• EXERCISE DATA

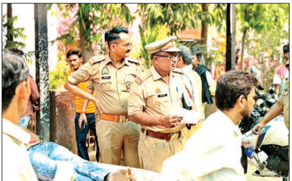
हादसे की सूचना पर सीएचसी पहुंची पुलिस। अमृत विचार
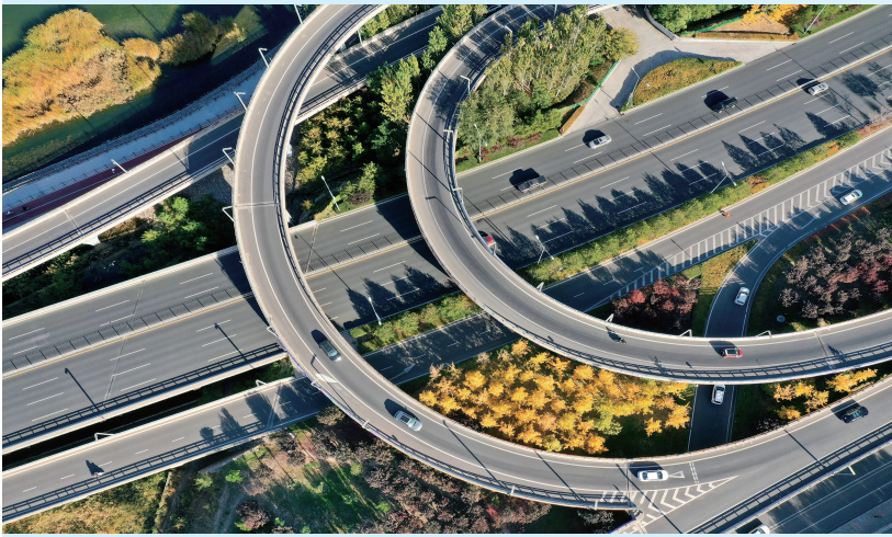
滨河西路北中环段

晨光中苏醒的太原城，道路网络如流淌的韵律——滨河路上车流似金色琴弦轻颤，胜利街焕然一新，路灯若星轨蜿蜒铺展，北中环街的立交如蝶翼舒展……这座群山环抱的城市，正以路为笔，在黄土高原上挥毫泼墨，绘就四通八达的现代图景。 太原的经脉在纵横延展。迎泽大街与解放路经纬交织，织密核心城区的通行网络；长风西街向汾河西岸舒展臂膀，牵引着繁华跨越水域；东西山旅游公路环抱城郭，将蒙山、太山、晋祠、天龙山等胜景串成翠色珠链。当南中环桥迎来新生蜕变，整座城市的交通脉络便随之调整呼吸，在智慧调度中维系着川流不息的韵律。 太原的筋骨正向远山舒张。古交至娄烦方向的长龙即将穿山越岭，把丰饶物产更快地汇入城市血脉，让红色记忆与都市文旅紧紧
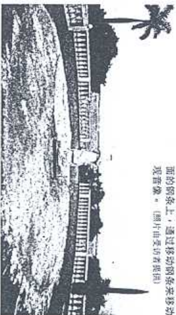
观音像被拆迁时留下凹凸不平的水泥地面,立着一座小得多的观音像。

在移动之前,支撑观音像的平台被架空,观音像由新加坡运来可吊400公吨重的吊车吊起,放置在地面的钢架上,通过移动钢架来移动观音像。
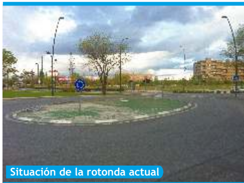
Situación de la rotonda actual

El pasado 24 de abril, en la Junta de Gobierno Local del Ayuntamiento de Getafe, se aprobó por unanimidad el proyecto de "Remodelación de la rotonda en la Avenida de las Trece Rosas", dentro del punto 23 del orden del día.
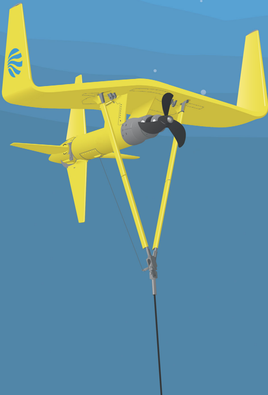
Illustration av Minestos marina kraftverk DG100.

• YOUR ASSIGNMENT
Give the number of lines in the listing above where the word "rotonda" appears, and nothing else.

• ANSWER SECTION
2